Only what runs from the line with "A Choral Christmas" to the end of the data should appear in the answer, exactly as written and without pictures.

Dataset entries
BEGIN

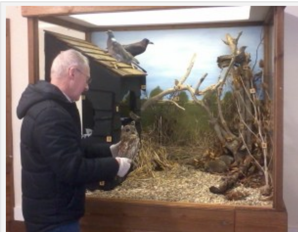
Emptying the cases

North Herts Museum staff have been busy down at Standalone Farm. If you haven't already seen, there is a barn at the farm with some interesting nature displays, giving visitors a chance to get a close look at some creatures they may not normally see. These include some North Herts Museum cases with large creepy crawlies and an impressive seascape diorama with a huge variety of bird specimens. There is also a working beehive with live bees who
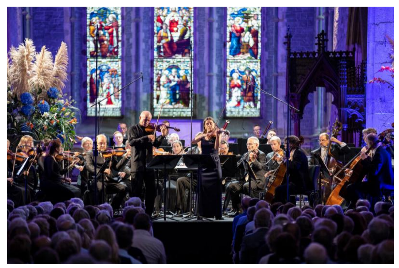
A Choral Christmas will take place at St Canice's Cathedral with The High Hopes Choir and The Lady Desart Choir on Friday December 16, at 7pm

They are now known as the Waterford High Hopes Choir and membership is not exclusively for homeless people, although they still have some of the original members, who now thankfully have accommodation.
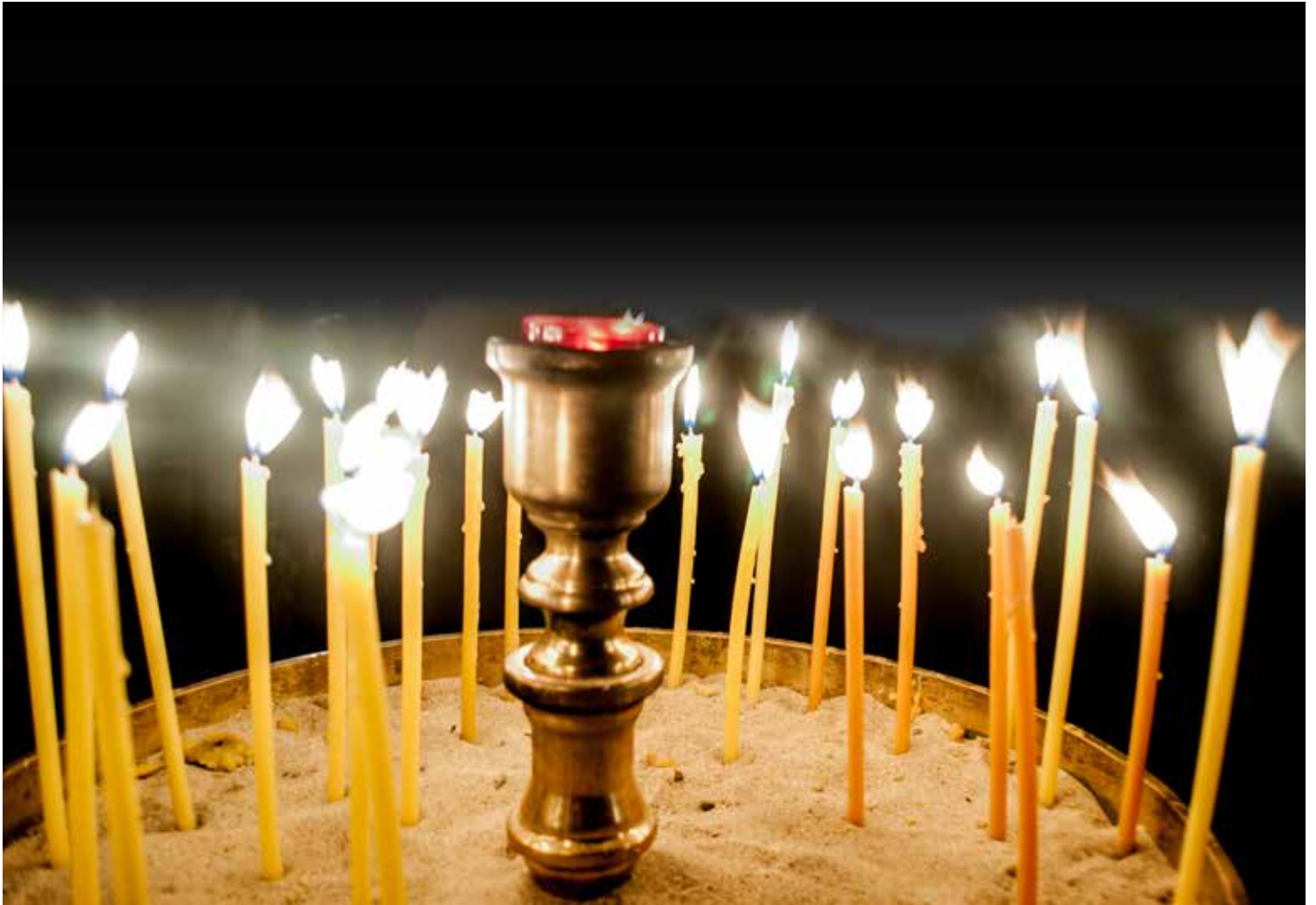
20. Sainte-Catherine Church, Brussels, Belgium (2012)
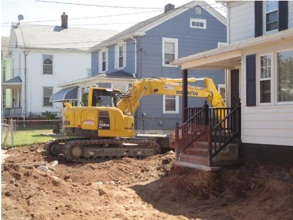
View looking Southwest at excavation in front and side yards
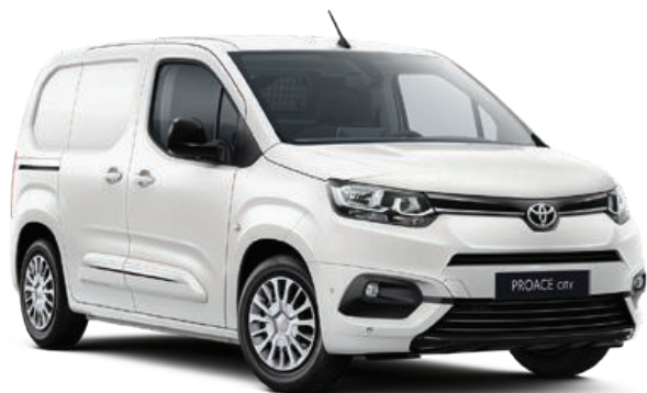
Icy White (EPR)
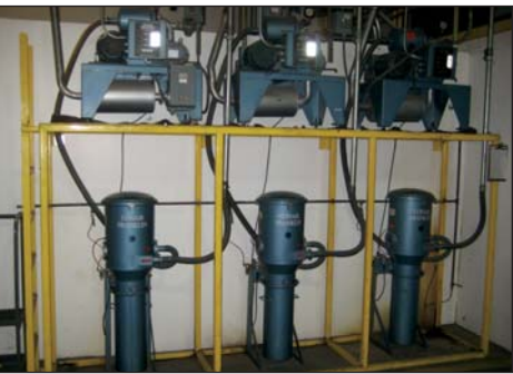
CONAIR FRANKLIN PUMP LOAD STATION

END

▶ _EXERCISE SOLUTION_:
A Choral Christmas will take place at St Canice's Cathedral with The High Hopes Choir and The Lady Desart Choir on Friday December 16, at 7pm

They are now known as the Waterford High Hopes Choir and membership is not exclusively for homeless people, although they still have some of the original members, who now thankfully have accommodation.
20. Sainte-Catherine Church, Brussels, Belgium (2012)
View looking Southwest at excavation in front and side yards
Icy White (EPR)
CONAIR FRANKLIN PUMP LOAD STATION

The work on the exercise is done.